Tuesday, December 21, 2010

Routines & Traditions

it took me a little over 24 hours in san diego to have my first burrito and flautas meal and for those who grew up around here know just how absurd that statement is. 24 hours? my usual timeframe is within 30 minutes of arriving at the airport but this christmas trip home started off a bit different than the past years. and the difference is that jon isn't here. usually what happens is that jon will pick me up from the airport and then we always make the obligatory burrito pitstop with some boba to boot if i'm lucky. this time however, jon is in new york and not flying in until tomorrow so the task of picking me up was left to my mom and there was certainly no burrito stop on the way home. then i made grand plans to head to hotel pan and texted my excitement to anyone who would listen about how i desperately needed a flauta that very night but when push came to shove, it got late and i was too tired to make the drive out there and went to bed burrito-less. part of the issue also is i realized that without jon here driving me around i really have no idea how to get anywhere.

tonight i was determined to get some mexican and ventured out to hotel pan on my own and was so paranoid that i would get lost or would lose reception that i saved a screen shot of each page of the directions just in case. i made it just fine and maybe got a little over-confident on my way home as i somehow missed a turn and ended up driving 20 minutes out of the way before i even realized anything was amiss.

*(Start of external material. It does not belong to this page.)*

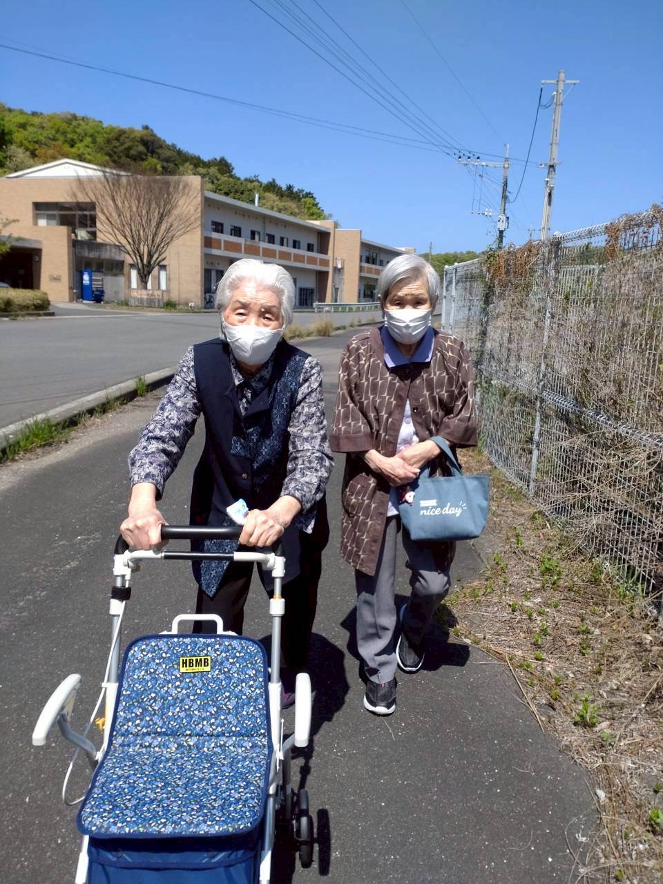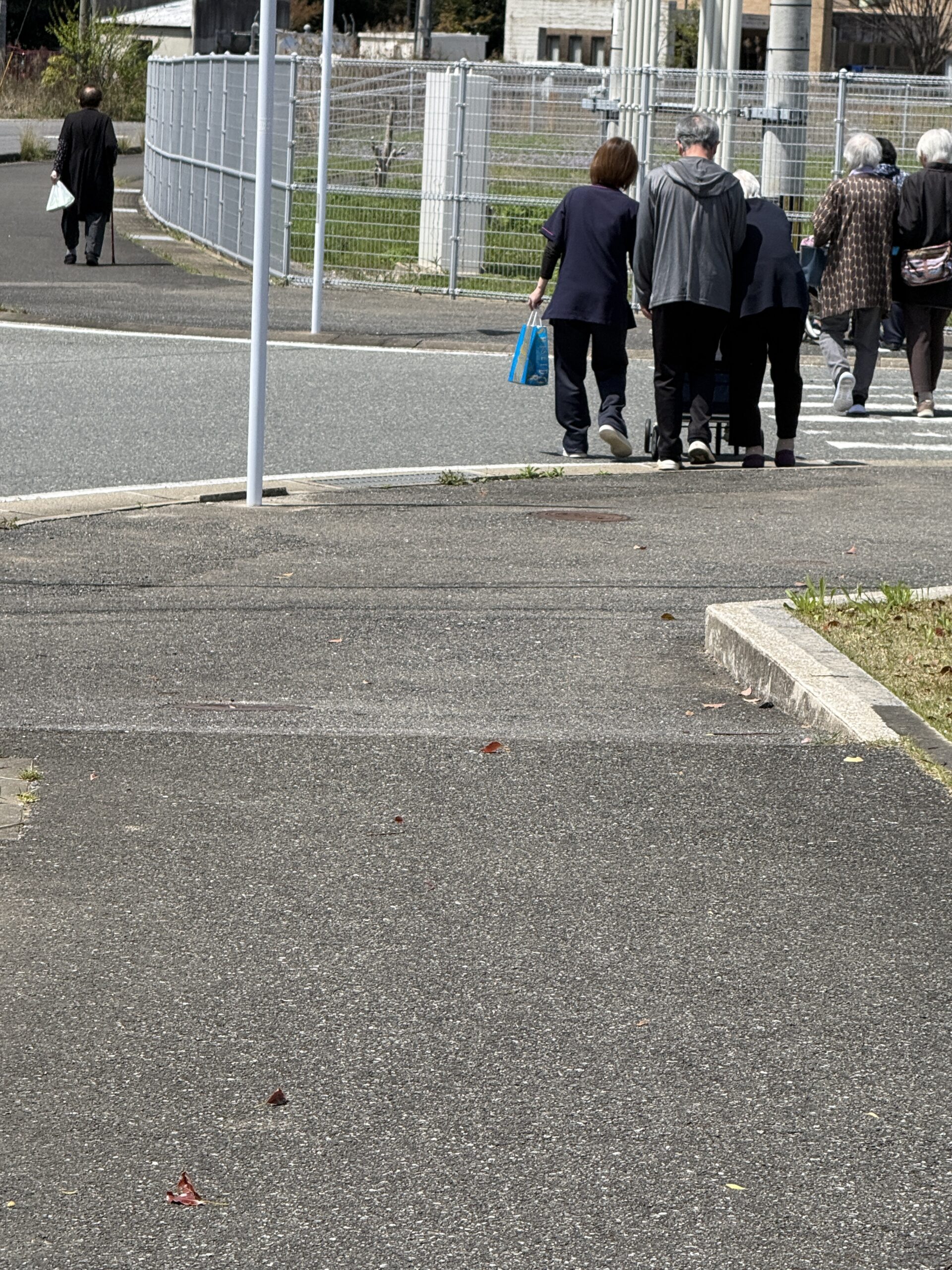 快晴の中🌞歩いていく人、車椅子で行く人、車での送迎の人(*^^*)

usually when i'm home i bitch and moan about how bored i am and how i can't wait to get back to sf but this time i am soaking it all up and loving it. part of it is because it's been a year since the last time that all of us, meaning my mom and jon, were home together and i found myself missing it. there's something to be said for tradition and routine and well, this is the closest to an annual family gathering that i've got.

i spent the earlier part of today getting a facial that my mom arranged for me and then we hit up a couple of stores afterwards for some shopping and then met up with my mom's friends son for a chaperoned dinner. now let me backtrack a bit. during dinner last night my mom inevitably brought up the subject of me getting older and settling down and dished out some sage advice (never date a married man for example) and spoke about her friend's son who was moving to shanghai and how it would be nice if i met him and we took him and his mom out for dinner. not really thinking too much about it i agreed because really what else did i have to do.

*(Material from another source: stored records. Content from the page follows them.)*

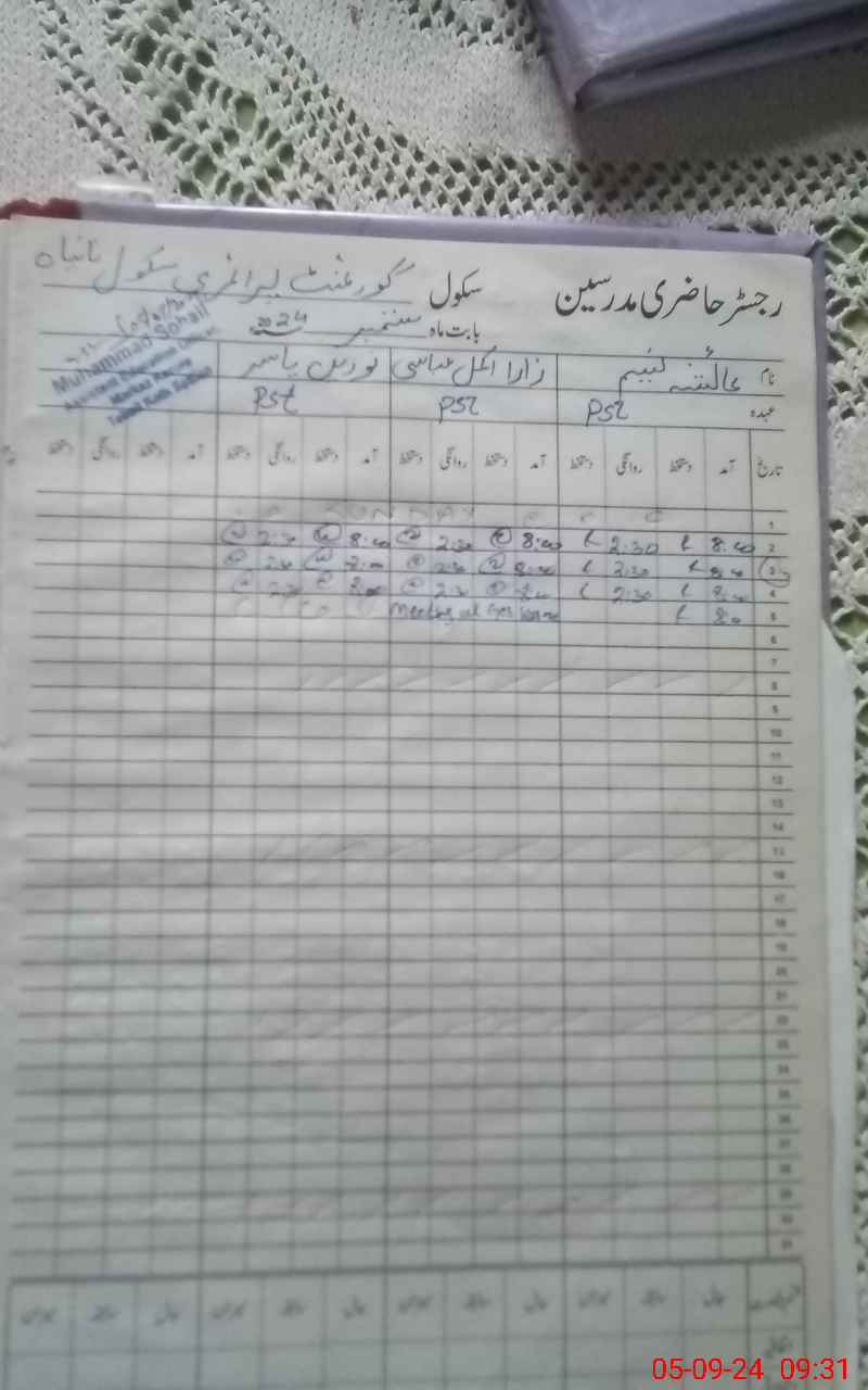 | Name: AY**** NA**** Designation: (School Headmaster's/Headmistress's) PST Phone/Cell Number: 03**** |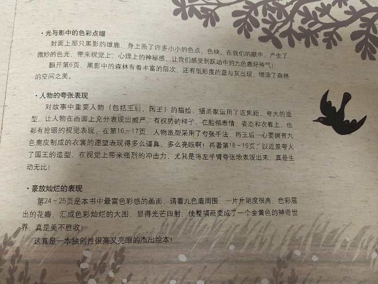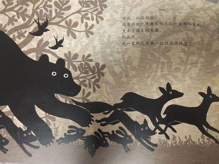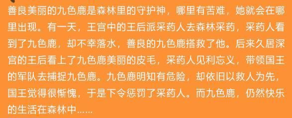 听说,从这以后,没有得到九色鹿皮的王后一直郁都寡欢,失去了国王的宠爱。 而我呢,就一直和九色鹿一起住在森林里了。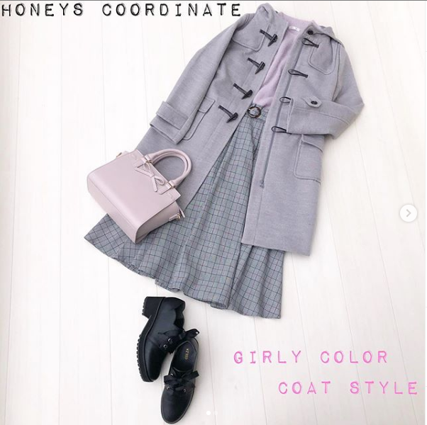 綿あめみたいなかわいい色味をグレー合わせで上品にコーディネート。 グレー合わせにすることで甘さ控えめで着やすいコーデに。

right after i could hear her making the calls and setting everything up for dinner the next night which was earlier today. so after our afternoon of shopping and such, she informs me that the mom is sick so it will just be the three of us out to dinner and when i protested a little, she came right back at me about my shitty attitude and ended with the phrase "fine if you don't want to go then don't" which of course had the exact effect she wanted of making me feel guilty and so off we go and while the dinner itself turned out to be fine i could not and still can't make head or tails of whether this was just dinner or if i've fallen for some type of mom setup again.

was my mom trying to set me up? some say yes but a part of me is skeptical since this guy is moving to shanghai in 2 days for work, something that mom is well aware of and so it just doesn't make sense to me. it was a little weird because him and my mom seem to get along really well and at times i felt like the third wheel and it was all very awkward as he would talk about me as if i wasn't even there like oh yes she is so gua (chinese for good/obedient) or she has pretty features and all the while i'm sitting right there and not really sure what i should be saying or doing. the best way i could describe him would be a smooth chinese businessmen but a little too smooth. such as when he told the waitress she had beautiful eyes in the hopes of getting our names higher up on the waiting list which didn't work by the way. and so that's how the night went. him and my mom speaking in mandarin about all sorts of topics while i sat there and interjected a word here or there and then when it was all finally over and we had dropped him off at home (oh yes did i mention that we picked him up at his house and that he came out wearing a pinstriped blazer) i was left very confused and not sure what the hell just happened.

and all this within the first 24 hours too! but it can only get more exciting from here on out as jon gets in tomorrow and the rest of the gang slowly trickle in throughout the week and i'm looking forward to finally having my chauffeur back to driving me around everywhere again.

1 comments:

Bookgirl said...

how did i only see this now? i would have killed to be texting with you while you sat there. i can just see him flattering the waitress hahahahahaha. ah, the quest of the unmarried ethnic girl. i hear you sista!